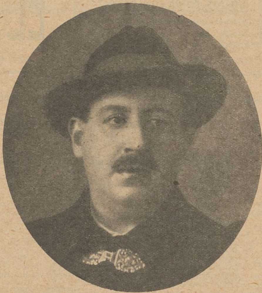
«EL CABALLERO AUDAZ»

—Si no lo sé. Ellos alegan que la película es irreverente y resulta todo lo contrario: un
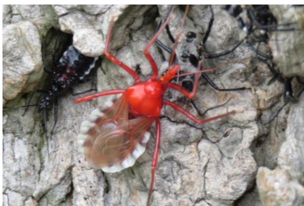
⑦脱皮直後の、体が黒くなる前のヨコヅナサシガメ。
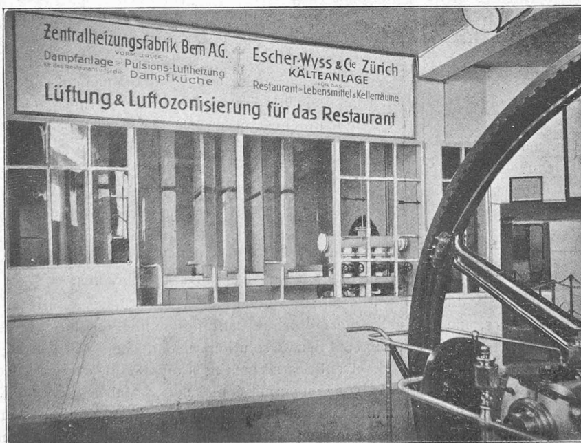
Fig. 26. — Vue du réfrigérant d'air formé par des radiateurs.
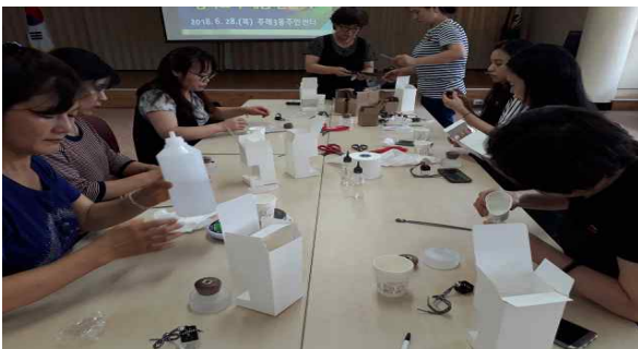
엄마 배움 모꼬지 『디퓨저 만들기』
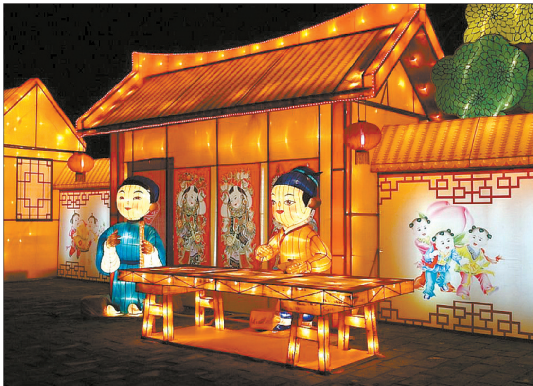
2011年秦淮灯会以中华传统文化为主题

三里屯国际时尚街区灯会的看点为传统的“兔儿爷”灯笼展示。12组印有“灯彩江湖”各种字体的异型创意灯笼,将在Village主要广场展示。另外,在橙色大方阵“姓灯方阵”“至亲方阵”“提灯方阵”“排灯方阵”“艺术表演方阵”等组成。周、许、庄、高……大红灯笼高高提的“姓灯方阵”是万人游灯中的一大亮点,折射了异彩纷呈的姓氏文化,又反映了宗族繁衍的脉络。
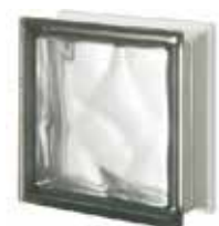
NORDICA Q19 O SAT 1 LATO SAP CODE: 120943
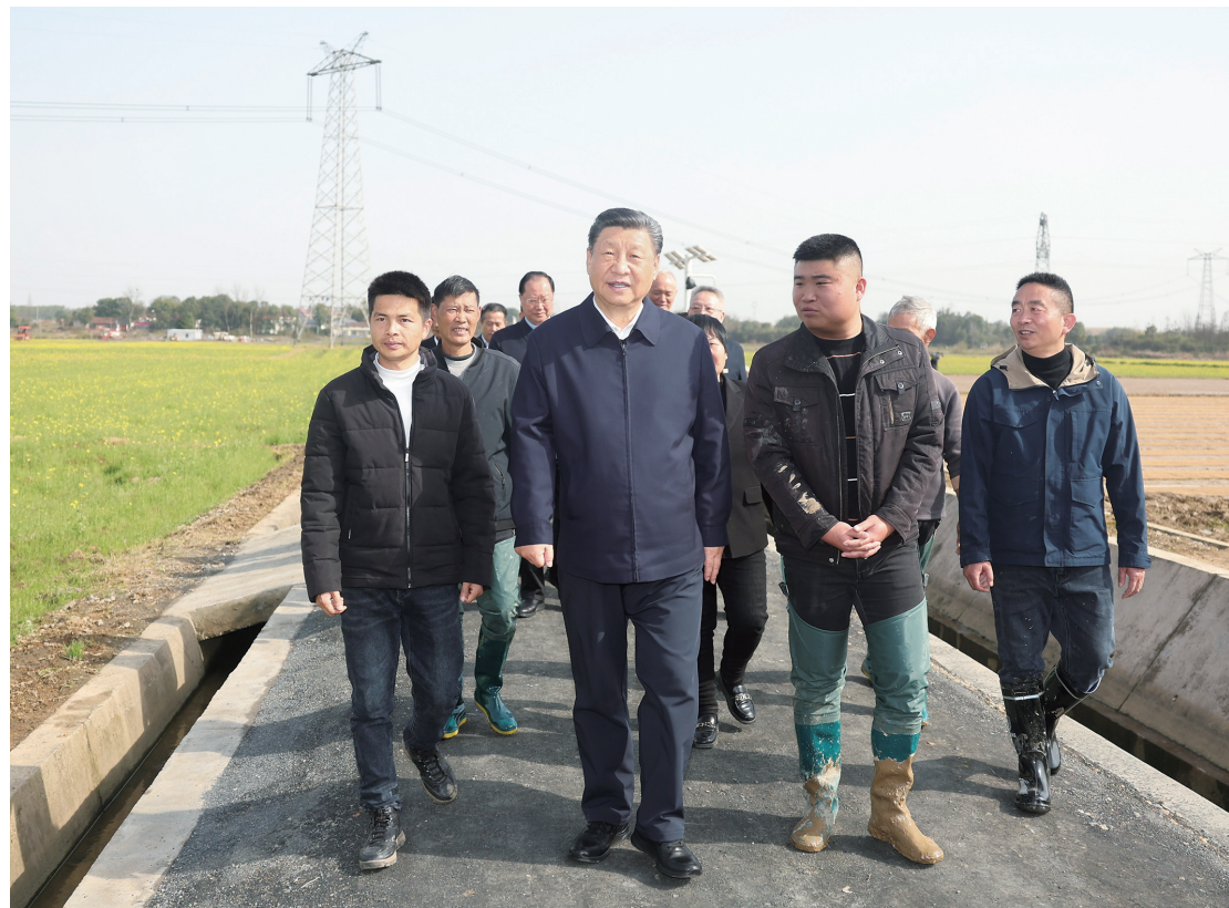
3月18日至21日,中共中央总书记、国家主席、中央军委主席习近平在湖南考察。这是19日下午,习近平在常德市鼎城区谢家铺镇港中坪村,同种粮大户、农技人员、基层干部亲切交流。

新华社长沙3月21日电 中共中央总书记、国家主席、中央军委主席习近平近日在湖南考察时强调,湖南要牢牢把握自身在构建新发展格局中的战略定位,坚持稳中求进工作总基调,坚持高质量发展不动摇,坚持改革创新、求真务实,在打造国家重要先进制造业高地、具有核心竞争力的科技创新高地、内陆地区改革开
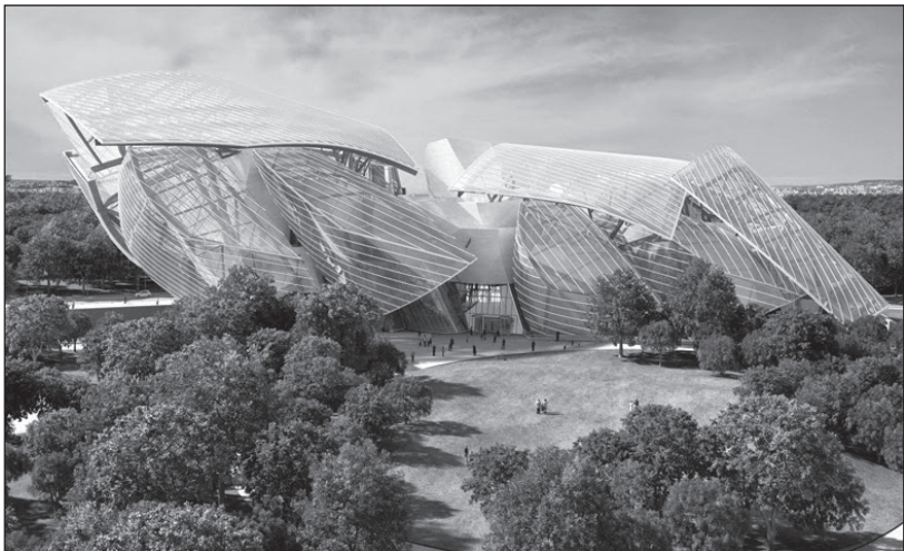
1. melléklet: Frank Gehry: Fondation Louis Vuitton, Párizs, 2014

tételezzük, Gehry elbeszélő építészetet művel, amikor egy figuratív formát választ modellül. A hajó-toposz egyébként nem ismeretlen a modern és kortárs építészetben, előzményként említhetjük Le Corbusier épületeit vagy Utzon sydney-i Operaházát. De magánál Gehrynél is megjelent ez a motívum korábban is, például a bilbaói múzeumában. Ám tévedés lenne az architektúrát pusztán a figuratív törekvésekből eredeztetni.
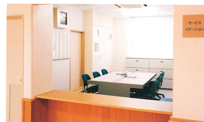
サービスステーション
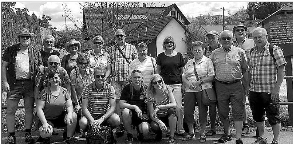
AH-Familienausflug nach Unterharmersbach
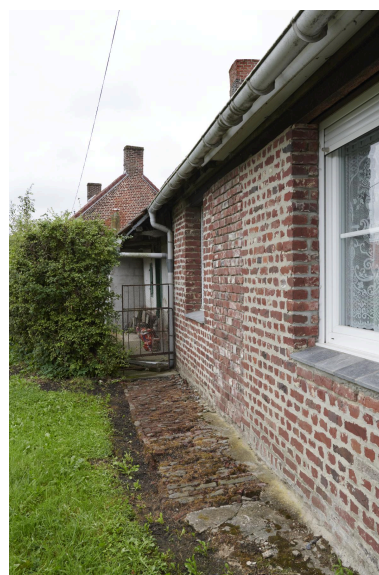
Détail du trottoir en brique situé le long du mur nord.
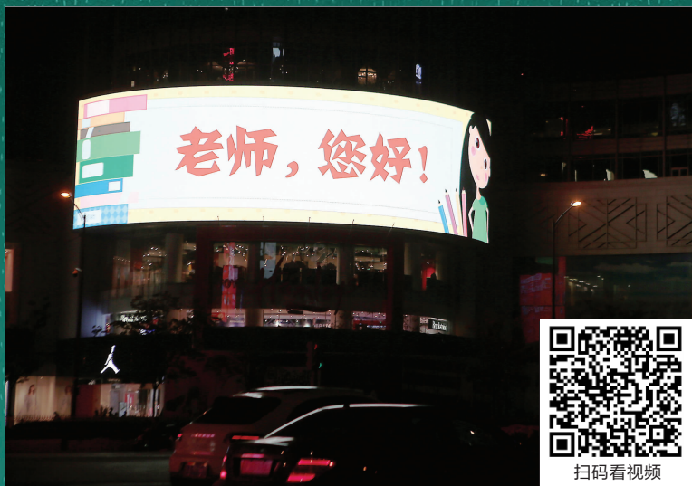
新街口大屏为教师亮灯
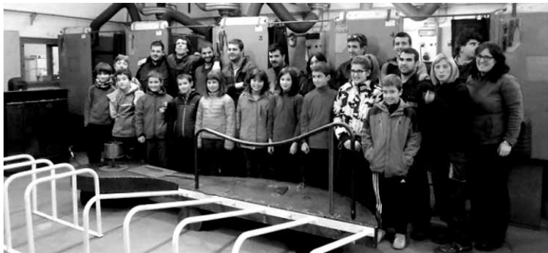
Eskolako ikasleak Lanbide Heziketa institutuan, lanak gainbegiratzeko. UTZITAKOIA

Sakana LH ikastetxeak eskualdearen beharretara egokitzeko, ikasleek duten profesionaltasunaren mailaren berri jaso dute. Ikastetxean garbi dute "gaur egun trebetasun eta ezagutza teknikoek aparte, ekimena izatea, talde lana eta adierazteko gaitasuna kontuan hartzen diren gaitasunak" direla. Horregatik, ikastetxeko irakasle batzuk 2012-2013 ikasturtean Egi-
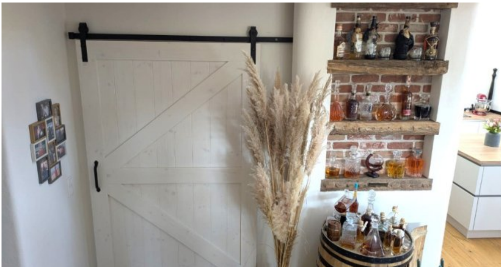
Holzschiebetür zum Windfang
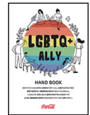
④ このような状態にしたら しっかりと折り目をつけましょう
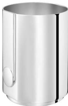
vase Ø 9,1 cm - H 12 cm
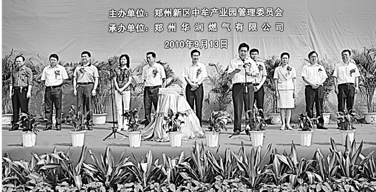
中牟产业园区正式启用清洁能源

10亿元以上项目9个。先后开工道路、水、电、气、暖等基础设施项目34个,已建成13条道路、4座变电站、2个服务区、1座水厂、1座污水处理厂和1座天然气门站,完成投资27.9亿元。
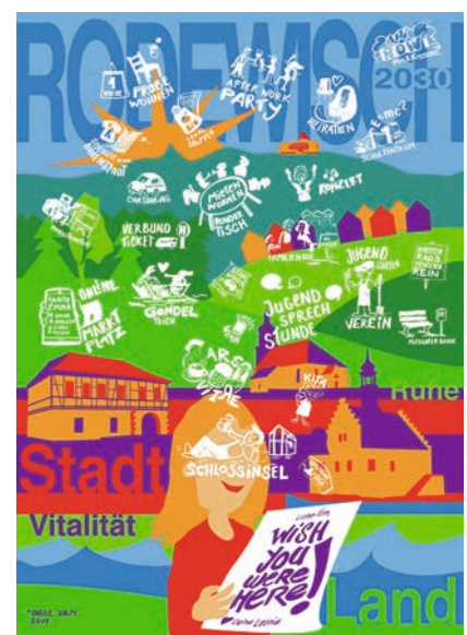
Zukunftsbild Rodewisch 2030 Zeichnung: Gabriele Schlipf
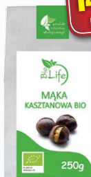
Mąka kasztanowa BIO 250 g S04010000084
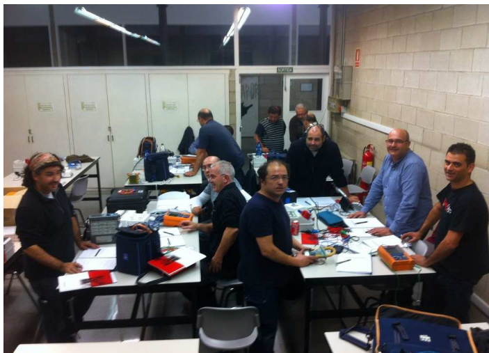
Curs: Mesures Elèctriques
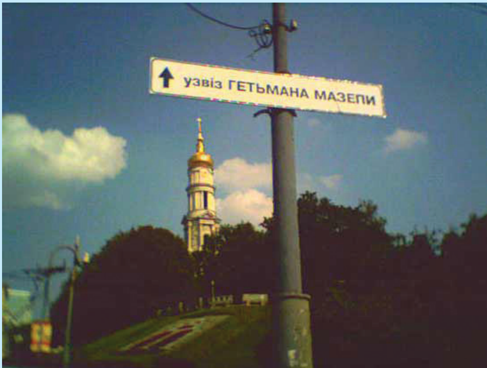
12 Харків. Узвіз гетьмана Мазепи 2008 р.
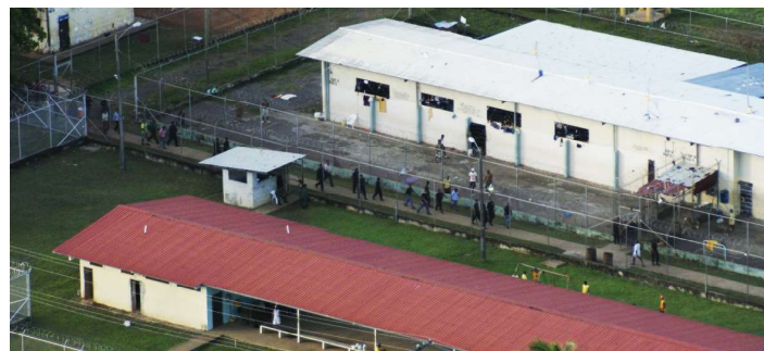
Se realizará un censo en los centros penitenciarios de Panamá.

En proceso de validación está el cuestionario que se utilizará para levantar el censo penitenciario, diseñado y aprobado.
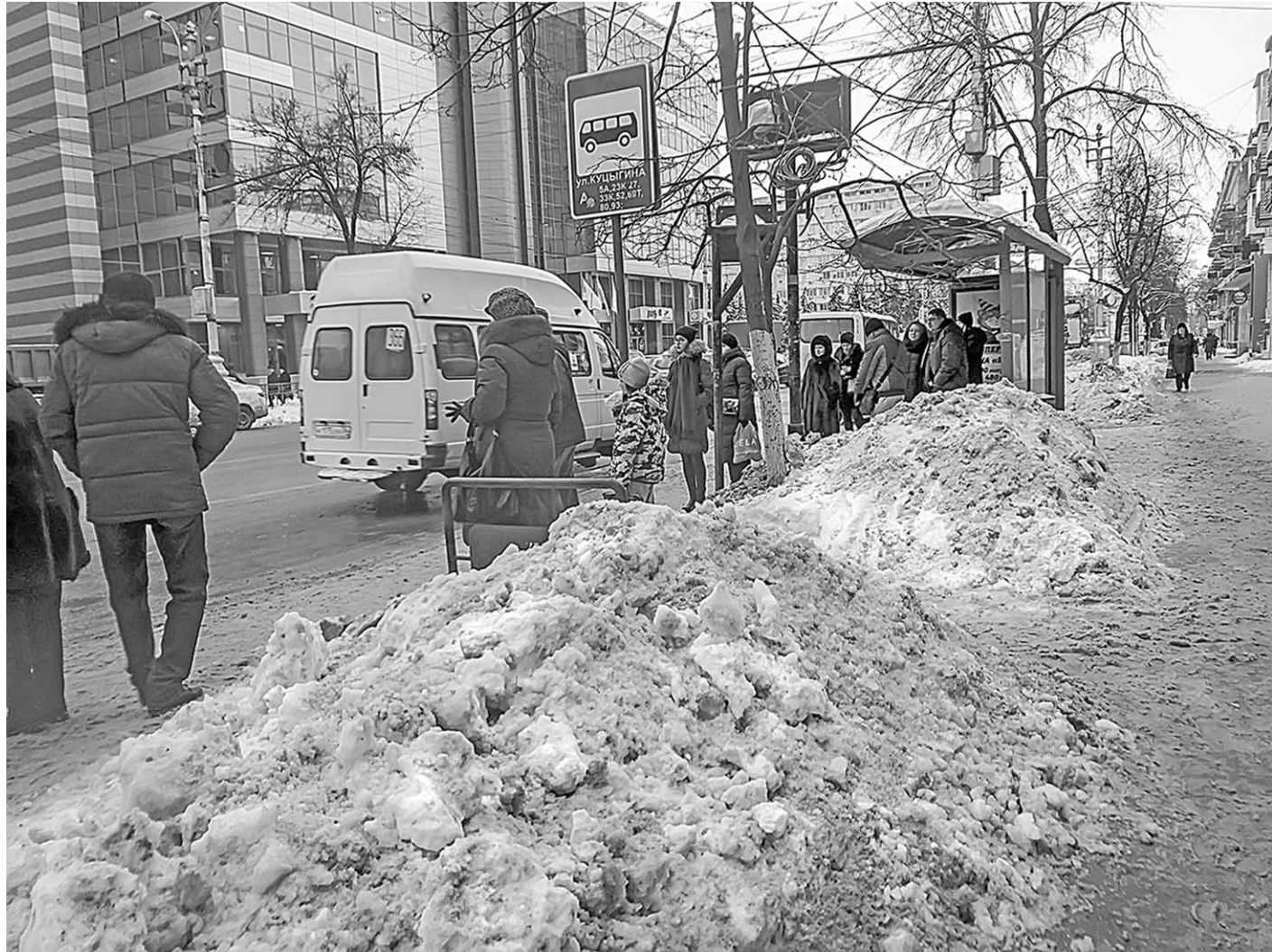
Привычные для наших широт зимы всё ещё преподносят сюрпризы коммунальщикам.

Ситуация | Нынешняя зима складывается в точности как сказано у классика: «Зимы ждала, ждала природа. Снег выпал только в январе». Дождались. Сначала один снегопад, затем другой... И народ застонал: вновь завалены снегом улицы и дворы

◆ ◆ ◆ ◆ ◆

Any picture in the listing is to be omitted. Return exactly the lines from the one containing "Mąka kasztanowa BIO 250 g S04010000084" through its last line, both included, and only those.

> _Exercise response_
Mąka kasztanowa BIO 250 g S04010000084
Curs: Mesures Elèctriques
12 Харків. Узвіз гетьмана Мазепи 2008 р.
Se realizará un censo en los centros penitenciarios de Panamá.

En proceso de validación está el cuestionario que se utilizará para levantar el censo penitenciario, diseñado y aprobado.
Привычные для наших широт зимы всё ещё преподносят сюрпризы коммунальщикам.

Ситуация | Нынешняя зима складывается в точности как сказано у классика: «Зимы ждала, ждала природа. Снег выпал только в январе». Дождались. Сначала один снегопад, затем другой... И народ застонал: вновь завалены снегом улицы и дворы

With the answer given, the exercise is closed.